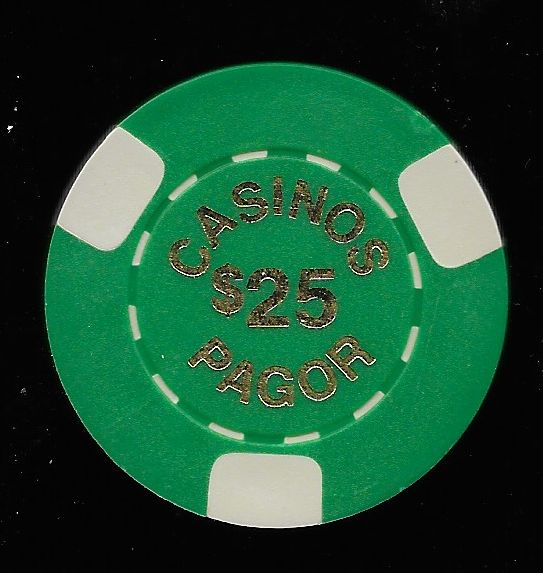 | 62. | Casinos Pagor Caribbean, 25.00 Green chip, 3 white inserts, circle inlay, hotstamped
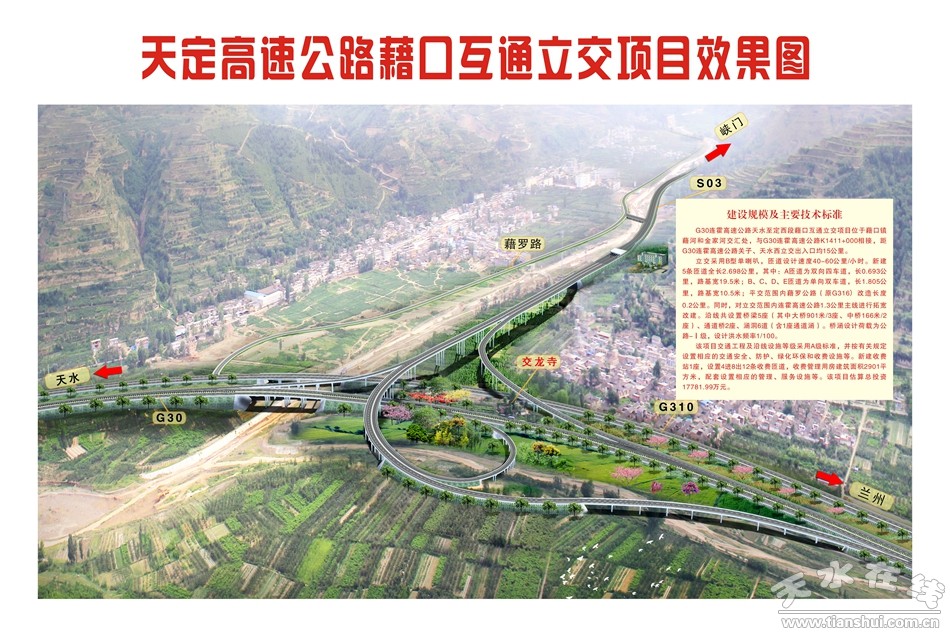 G30連霍高速公路天水至定西段藉口互通立交工程項(xiàng)目位于天水市秦州區(qū)藉口鎮(zhèn)藉河和金家河交匯處,與天定高速公路K1411+000相接,距G30連霍高速公路關(guān)子、天水西立交出入口均15公里。立交采用B型單喇叭。新建5條匝道全長2.698公里,平交范圍內(nèi)藉羅公路(原G316)改造長度0.2公里。同時(shí),對立交范圍內(nèi)連霍高速公路1.3公里主線進(jìn)行拓寬改建。沿線共設(shè)置橋梁5座(其中大橋901米/3座、中橋166米/2座)、通道橋2座、涵洞6道(含1座通道涵)。橋涵設(shè)計(jì)荷載為公路-Ⅰ級,設(shè)計(jì)洪水頻率1/100。該項(xiàng)目交通工程及沿線設(shè)施等級采用A級標(biāo)準(zhǔn),并按有關(guān)規(guī)定設(shè)置相應(yīng)的交通安全、防護(hù)、綠化環(huán)保和收費(fèi)設(shè)施等。新建收費(fèi)站1座,設(shè)置4進(jìn)8出12條收費(fèi)車道,收費(fèi)管理用房建筑面積2901平方米,配套設(shè)置相應(yīng)的管理、服務(wù)設(shè)施等。該項(xiàng)目總投資17781.99萬元。
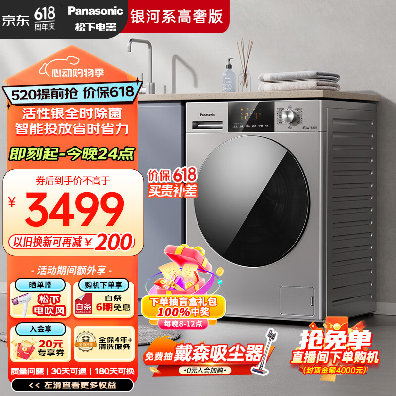 松下(Panasonic)滚筒洗衣机全自动 超薄全嵌【银河系高奢版】10公斤智能投放 活性银除菌 温水泡沫净XQG100-811M价格:3799.00元!
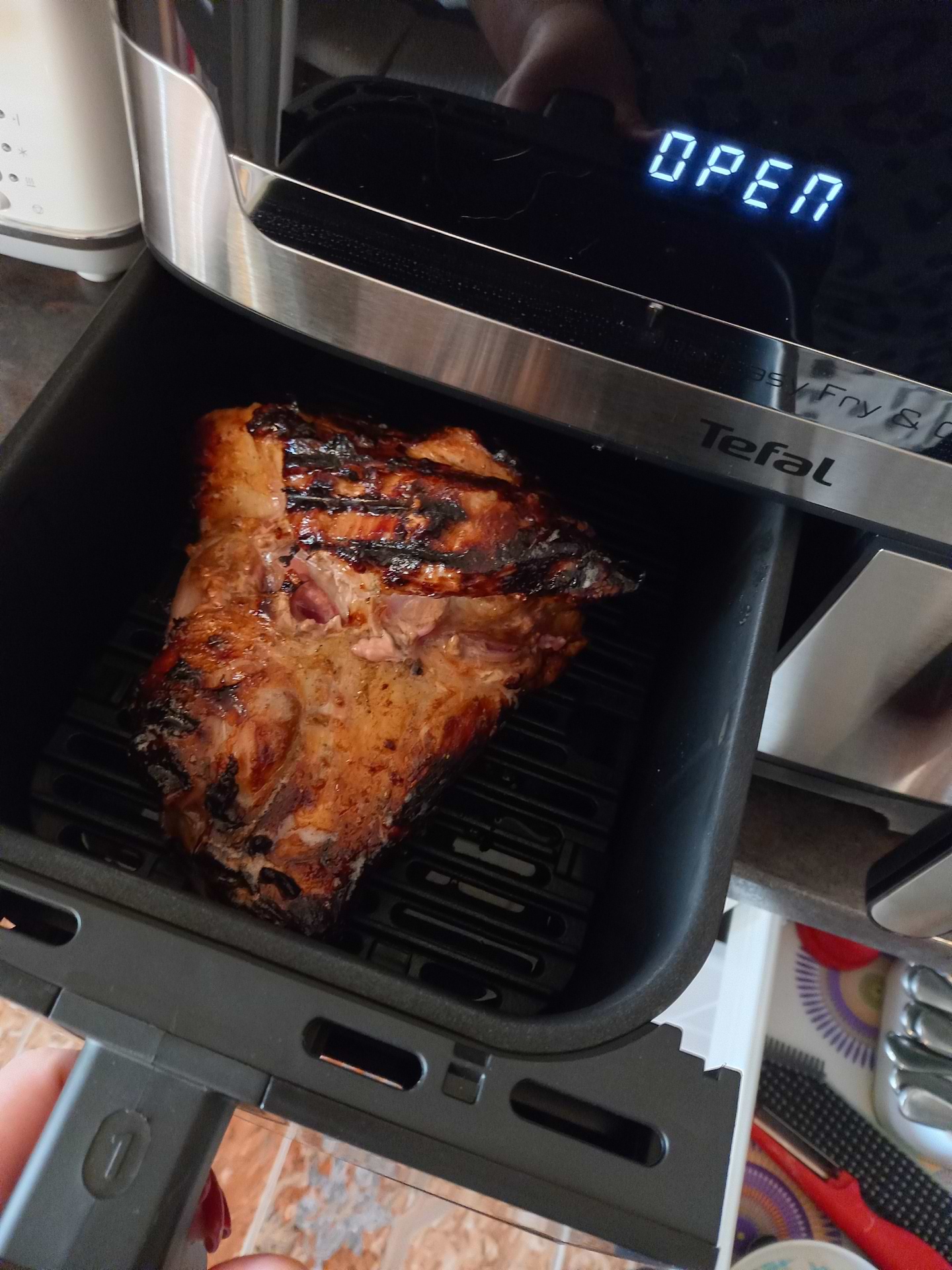Классна функція гриль, яка розігріває попередньо чашу, стейки виходять соковиті (але треба враховувати товщину стейку і відповідно коригувати час приготування). З меншим використанням олії іжа виходить і смачна і корисна. Сподобалась можливість синхронізації часу приготування в обох чашах. Плюсом є можливість миття чаш в посудомийній машині.
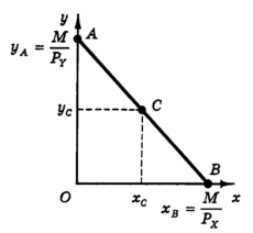Линия, описываемая уравнением (3), носит название бюджетной линии.
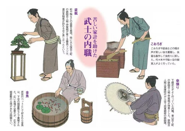 『甲子夜話』に武士の内職仕事として「米澤の筆、鍋島の竹子笠、秋月の印籠、小倉の合羽の装束」が紹介されていたが、小田原提灯や大和郡山の金魚、山形天童市の将棋の駒なども有名なところで、幕府の旗本や御家人も、下谷の金魚、御徒町の朝顔、牛込の提灯などの稼ぎで苦しい生活をやりくりしていた。

#####

# WORK REQUIRED
Copy out all the data exactly, skipping the pictures.

# RESPONSE FOR THIS EXERCISE
 | 62. | Casinos Pagor Caribbean, 25.00 Green chip, 3 white inserts, circle inlay, hotstamped
 G30連霍高速公路天水至定西段藉口互通立交工程項(xiàng)目位于天水市秦州區(qū)藉口鎮(zhèn)藉河和金家河交匯處,與天定高速公路K1411+000相接,距G30連霍高速公路關(guān)子、天水西立交出入口均15公里。立交采用B型單喇叭。新建5條匝道全長2.698公里,平交范圍內(nèi)藉羅公路(原G316)改造長度0.2公里。同時(shí),對立交范圍內(nèi)連霍高速公路1.3公里主線進(jìn)行拓寬改建。沿線共設(shè)置橋梁5座(其中大橋901米/3座、中橋166米/2座)、通道橋2座、涵洞6道(含1座通道涵)。橋涵設(shè)計(jì)荷載為公路-Ⅰ級,設(shè)計(jì)洪水頻率1/100。該項(xiàng)目交通工程及沿線設(shè)施等級采用A級標(biāo)準(zhǔn),并按有關(guān)規(guī)定設(shè)置相應(yīng)的交通安全、防護(hù)、綠化環(huán)保和收費(fèi)設(shè)施等。新建收費(fèi)站1座,設(shè)置4進(jìn)8出12條收費(fèi)車道,收費(fèi)管理用房建筑面積2901平方米,配套設(shè)置相應(yīng)的管理、服務(wù)設(shè)施等。該項(xiàng)目總投資17781.99萬元。
 松下(Panasonic)滚筒洗衣机全自动 超薄全嵌【银河系高奢版】10公斤智能投放 活性银除菌 温水泡沫净XQG100-811M价格:3799.00元!
Классна функція гриль, яка розігріває попередньо чашу, стейки виходять соковиті (але треба враховувати товщину стейку і відповідно коригувати час приготування). З меншим використанням олії іжа виходить і смачна і корисна. Сподобалась можливість синхронізації часу приготування в обох чашах. Плюсом є можливість миття чаш в посудомийній машині.
Линия, описываемая уравнением (3), носит название бюджетной линии.
 『甲子夜話』に武士の内職仕事として「米澤の筆、鍋島の竹子笠、秋月の印籠、小倉の合羽の装束」が紹介されていたが、小田原提灯や大和郡山の金魚、山形天童市の将棋の駒なども有名なところで、幕府の旗本や御家人も、下谷の金魚、御徒町の朝顔、牛込の提灯などの稼ぎで苦しい生活をやりくりしていた。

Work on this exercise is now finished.